PROBLEM DESCRIPTION:
What is needed is an exact repetition of the lines from the first one in the data through the line with "双核驱动:AI 大模型(萤石蓝海)+ 萤石云平台;", with no pictures.

(Source records)
***
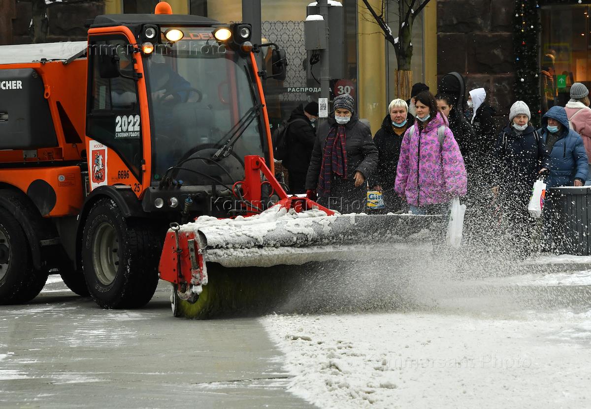 Views of Moscow. Genre photography. Snow removal equipment while cleaning the street after a snowfall.
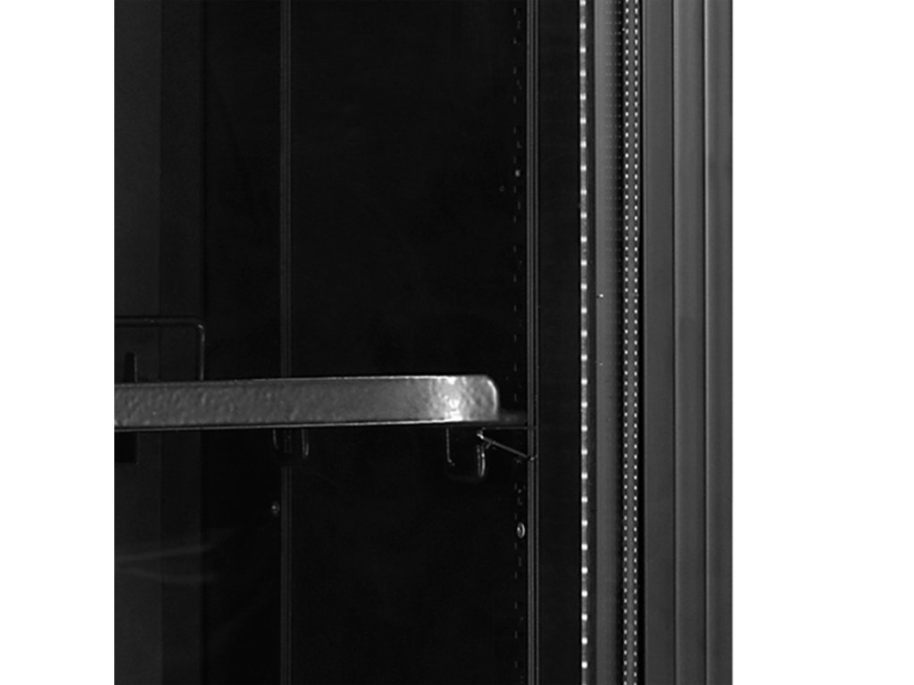 čierne vnútro a vonkajšok|presklené krídlové dvere|LED osvetlenie v ráme dverí|nastaviteľné police|chladenie s pomocným ventilátorom|vnútorná základňa z nehrdzavejúcej ocele|digitálny ukazovateľ teploty|plne automatická prevádzka
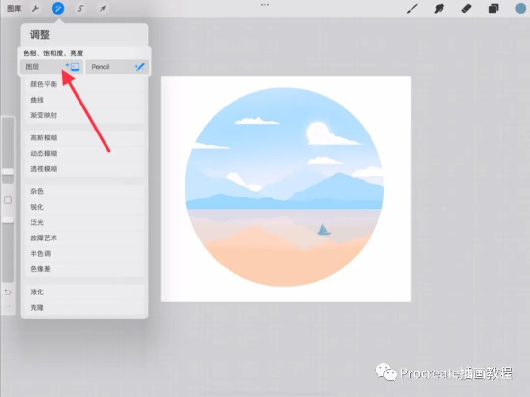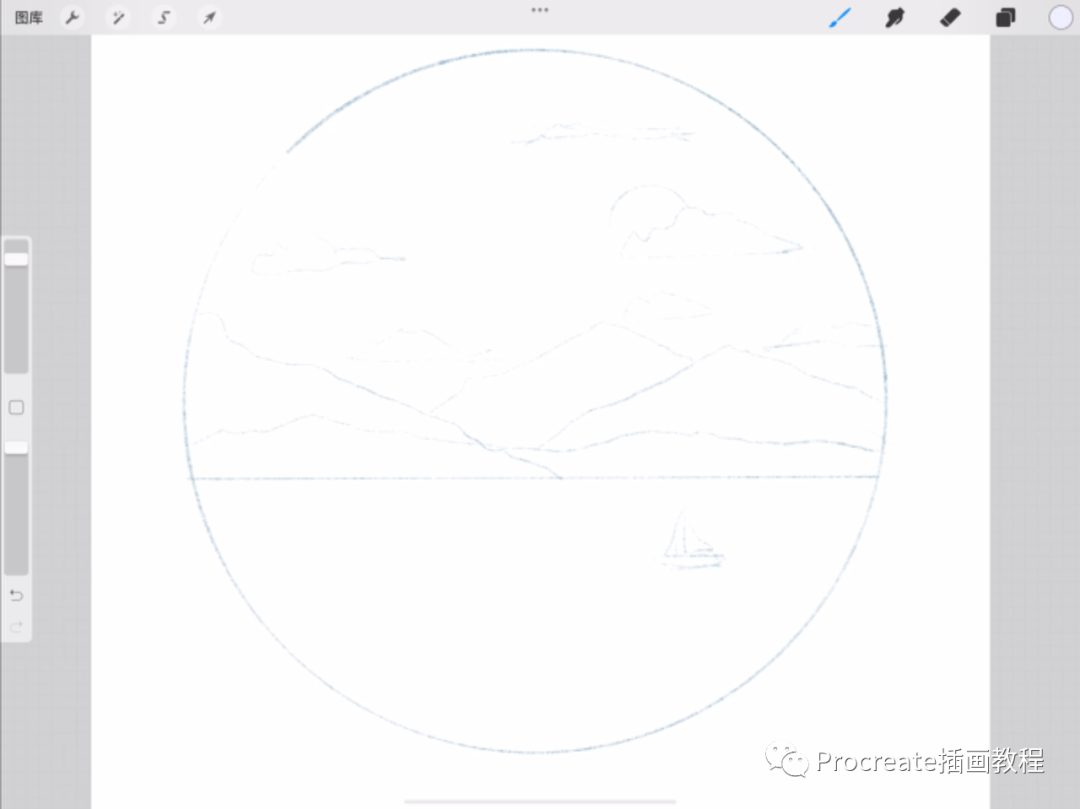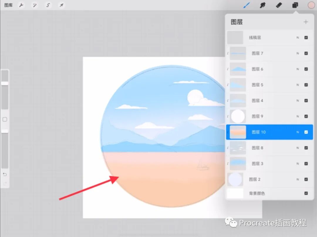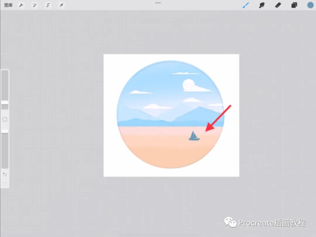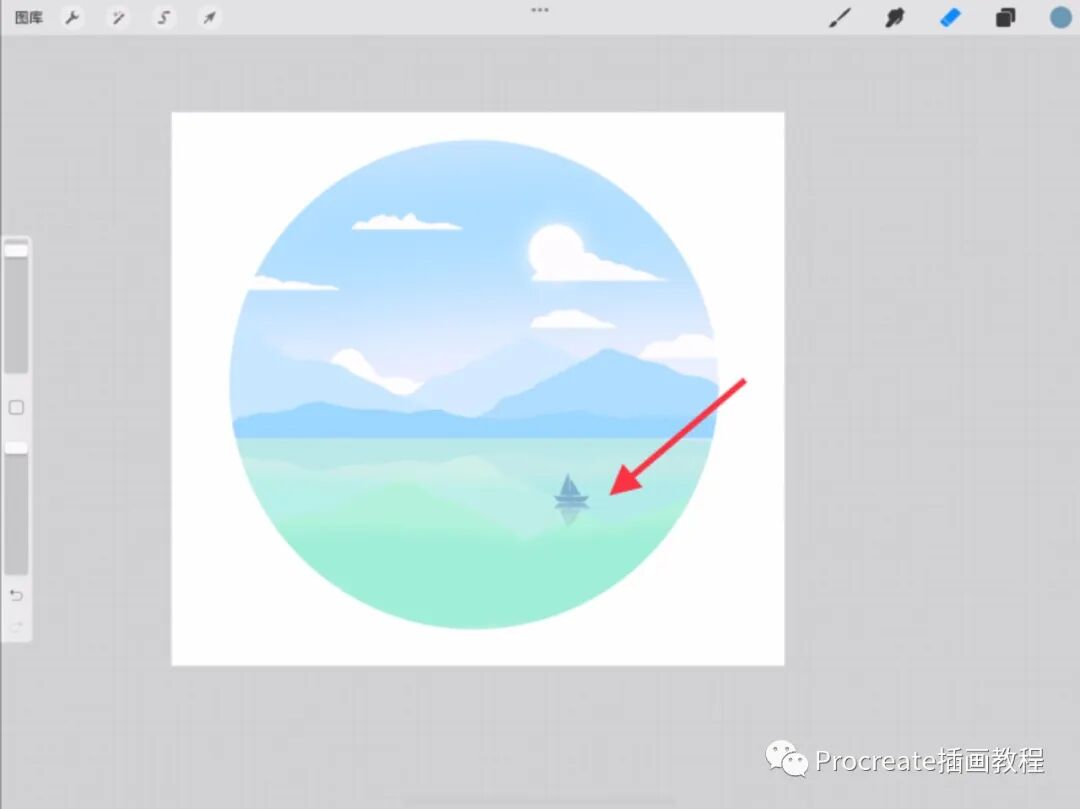 右滑选中山的所有图层,两个手指把图层捏在一起合并图层
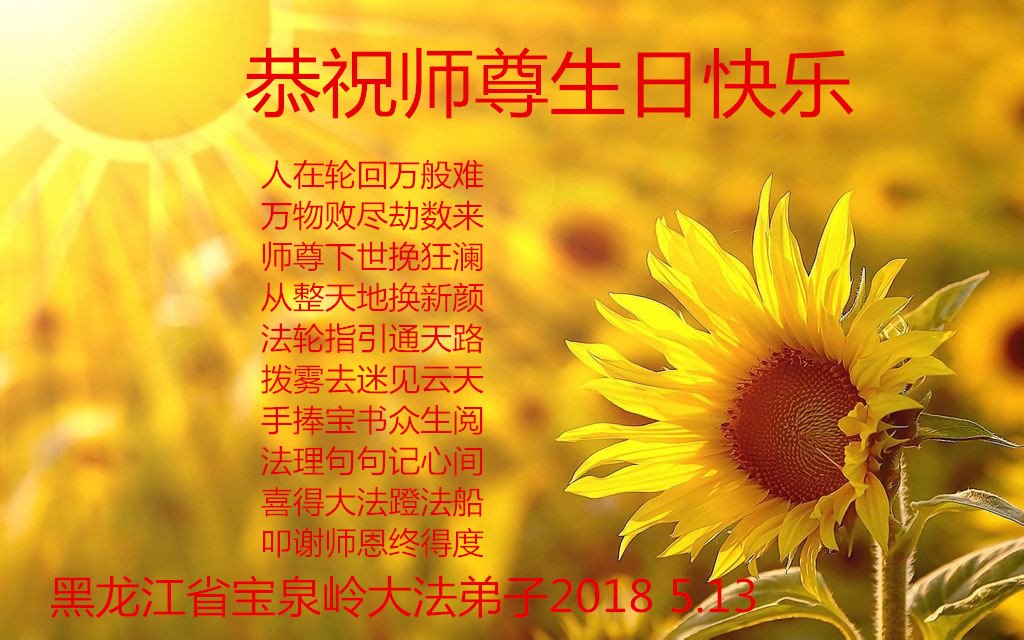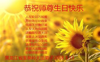 黑龍江寶泉嶺農墾大法弟子恭祝師尊生日快樂!
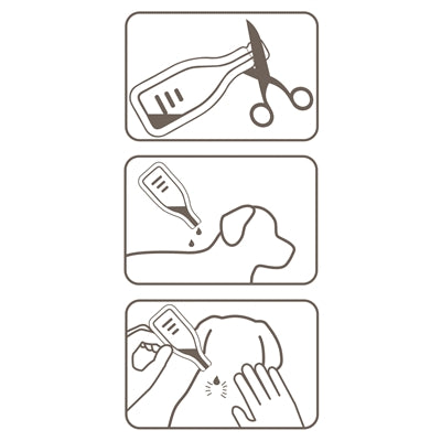 • Pipet kan na het openen neergezet worden, zodat de huid van de hond goed vrijgemaakt kan worden met 2 handen voor het toedienen van de pipet.
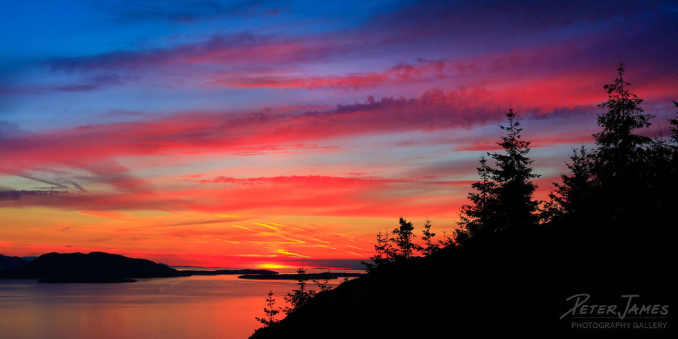Summer sunsets in Washington State can be truly magical, and this mid-July Pacific Northwest sunset photography print captures that perfectly. Taken from Blanchard Overlook at the south end of Chuckanut Drive and looking out at the northeastern most of the San Juan Islands, this fine art photography of Lummi Island and the Bellingham Bay captures the epic beauty of the Salish Sea.
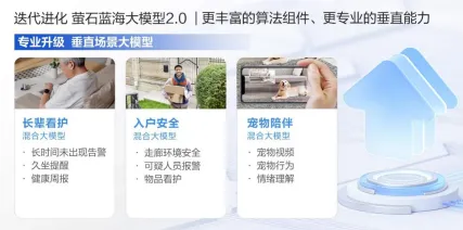 双核驱动:AI 大模型(萤石蓝海)+ 萤石云平台; 五大核心品类:智能摄像机、智能入户、智能服务机器人、智能控制、穿戴设备;
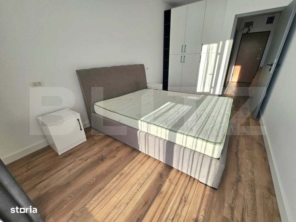 Blitz vă prezintă pentru închiriere un apartament modern cu 2 camere, decomandat, situat într-un bloc nou din zona de Nord a orașului, la doar 12 minute de centrul orașului cu mașina. Proprietatea se află la etajul 4, într-un imobil dotat cu două lifturi, oferind confort și acces facil. Apartamentul dispune de centrală proprie, baie cu cadă, bucătărie complet utilată și mobilată, o zonă de living primitoare cu TV, precum și un dormitor privat cu balcon - locul perfect pentru relaxare. De asemenea, spațiile de depozitare sunt gândite inteligent, asigurând o organizare eficientă a locuinței. În preț este inclus și un loc de parcare subteran, accesul făcându-se prin barieră cu cameră video, iar accesul se face prin înregistrarea numarului masinii în aplicație pentru o intrare rapidă și sigură. Apartamentul este ideal pentru o persoană sau un cuplu care caută confort, siguranță și proximitate față de principalele puncte de interes. În zonă se regăsesc centre comerciale, sală de fitness și alte facilități moderne. Prețul este ușor negociabil. Nu rata ocazia de a locui într-un spațiu elegant, practic și bine poziționat! Va asteptam la vizionare.
***
YOUR RESPONSE:
 Views of Moscow. Genre photography. Snow removal equipment while cleaning the street after a snowfall.
 čierne vnútro a vonkajšok|presklené krídlové dvere|LED osvetlenie v ráme dverí|nastaviteľné police|chladenie s pomocným ventilátorom|vnútorná základňa z nehrdzavejúcej ocele|digitálny ukazovateľ teploty|plne automatická prevádzka
 右滑选中山的所有图层,两个手指把图层捏在一起合并图层
 黑龍江寶泉嶺農墾大法弟子恭祝師尊生日快樂!
 • Pipet kan na het openen neergezet worden, zodat de huid van de hond goed vrijgemaakt kan worden met 2 handen voor het toedienen van de pipet.
Summer sunsets in Washington State can be truly magical, and this mid-July Pacific Northwest sunset photography print captures that perfectly. Taken from Blanchard Overlook at the south end of Chuckanut Drive and looking out at the northeastern most of the San Juan Islands, this fine art photography of Lummi Island and the Bellingham Bay captures the epic beauty of the Salish Sea.
 双核驱动:AI 大模型(萤石蓝海)+ 萤石云平台; 五大核心品类:智能摄像机、智能入户、智能服务机器人、智能控制、穿戴设备;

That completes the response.